====== Stored data ======
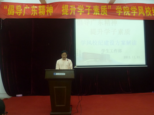 為踐行"厚于德、誠于信、敏于行"的新時(shí)期廣東精神,加強(qiáng)學(xué)生管理,強(qiáng)化學(xué)風(fēng)建設(shè),優(yōu)化育人環(huán)境,提高人才培養(yǎng)質(zhì)量,11月5日中午,"倡導(dǎo)廣東精神 提升學(xué)子素質(zhì)"學(xué)風(fēng)校紀(jì)建設(shè)活動(dòng)啟動(dòng)儀式在學(xué)院教學(xué)樓102教室舉行。學(xué)院黨委李軍副書記、各系(院)黨總支書記、政治輔導(dǎo)員及二百余名學(xué)生干部代表參加了此次啟動(dòng)儀式,啟動(dòng)儀式由學(xué)生工作部張華部長主持。
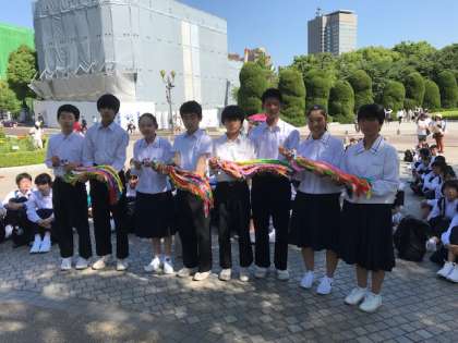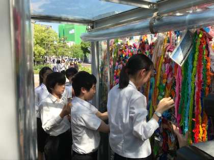 平和セレモニーでは、コスモスを歌い、詩の朗読、平和宣言を行ってきました。続いて、千羽鶴の奉納を行いました。
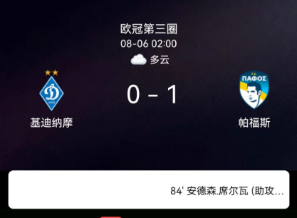 北京时间8月6日,欧冠资格赛第三轮首回合,帕福斯客场1-0爆冷击败基辅迪纳摩。安德森-席尔瓦终场前接若昂-科雷亚助攻打入制胜球,客队凭借防守反击全取三分。
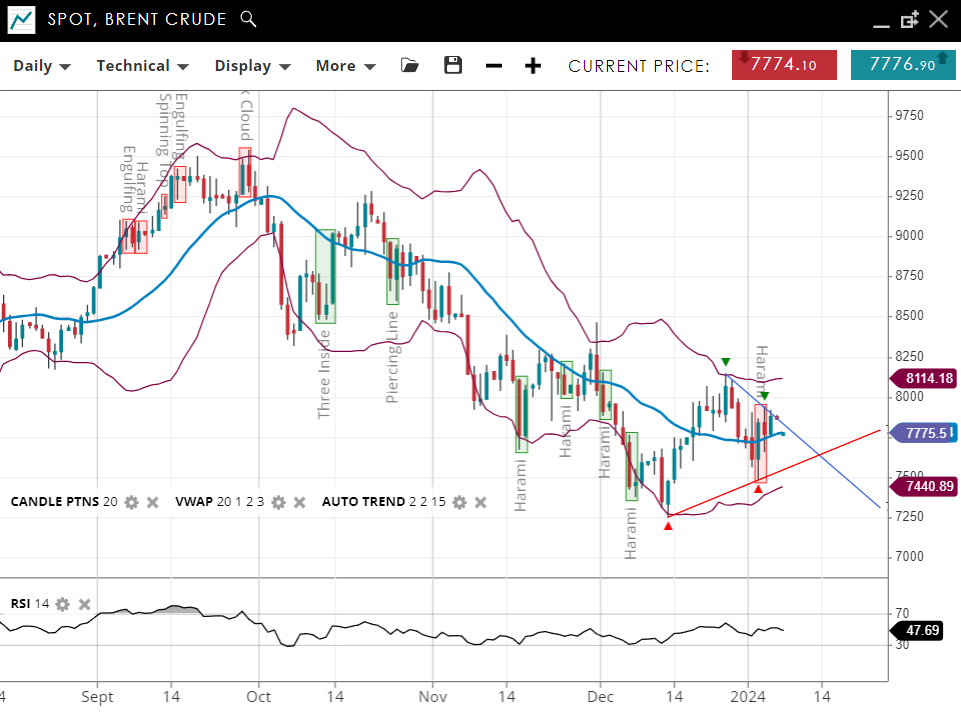 | Brent Crude | Bearish | 77.76 | 74.40 | 81.14 | 47 |
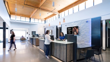 The best way to do that, Speidell said, is in an environment that promotes wellness. The HAPO Community Credit Union, contemporary in its exterior design, reveals an interior design that focuses on meeting high standards in the areas of air freshness, healthy lighting, clean water and worker stations with adjustable standing desks.
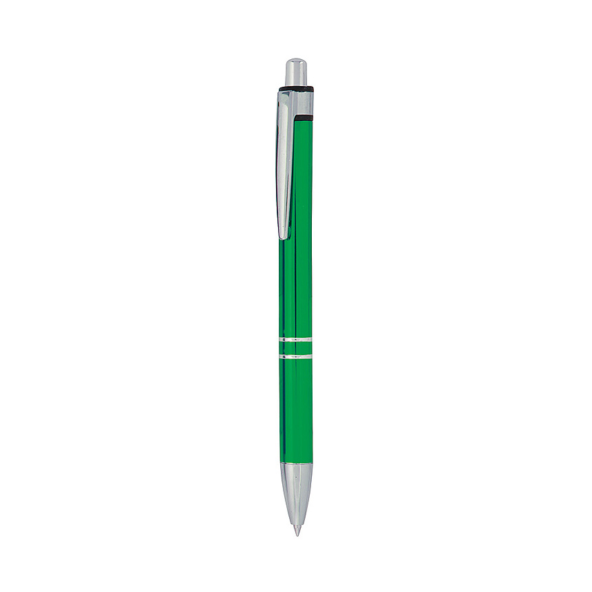 Druckkugelschreiber im originellen zweifarbigen Design. Mit glattem Aluminiumgehäuse in leuchtenden Farben. Details und Ringe versilbert. Grün - foto
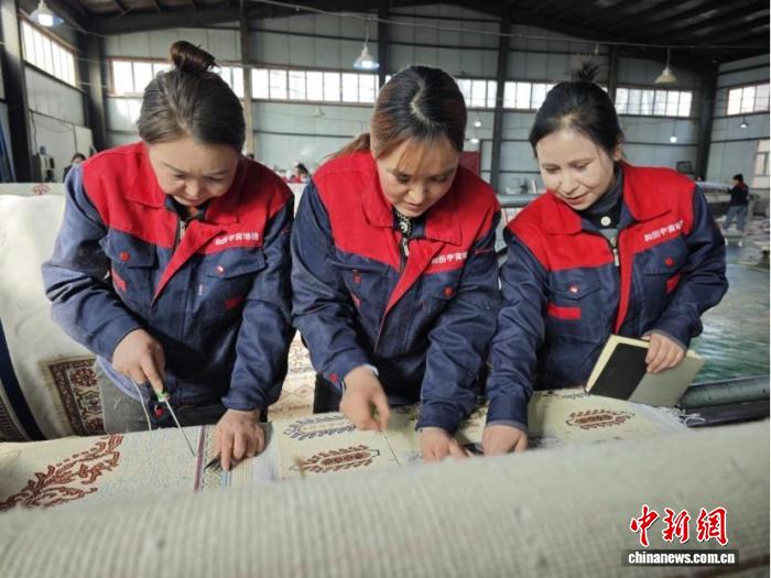 阿爾孜古麗(右一)在生產(chǎn)線上查看地毯編織流程工藝。閆兆霞 攝
======
## [Activity]
Exactly the lines from the one with "Druckkugelschreiber im originellen" through the end of the records should be written out, and only those. Pictures do not belong in the copy.

## [Exercise output]
 Druckkugelschreiber im originellen zweifarbigen Design. Mit glattem Aluminiumgehäuse in leuchtenden Farben. Details und Ringe versilbert. Grün - foto
 阿爾孜古麗(右一)在生產(chǎn)線上查看地毯編織流程工藝。閆兆霞 攝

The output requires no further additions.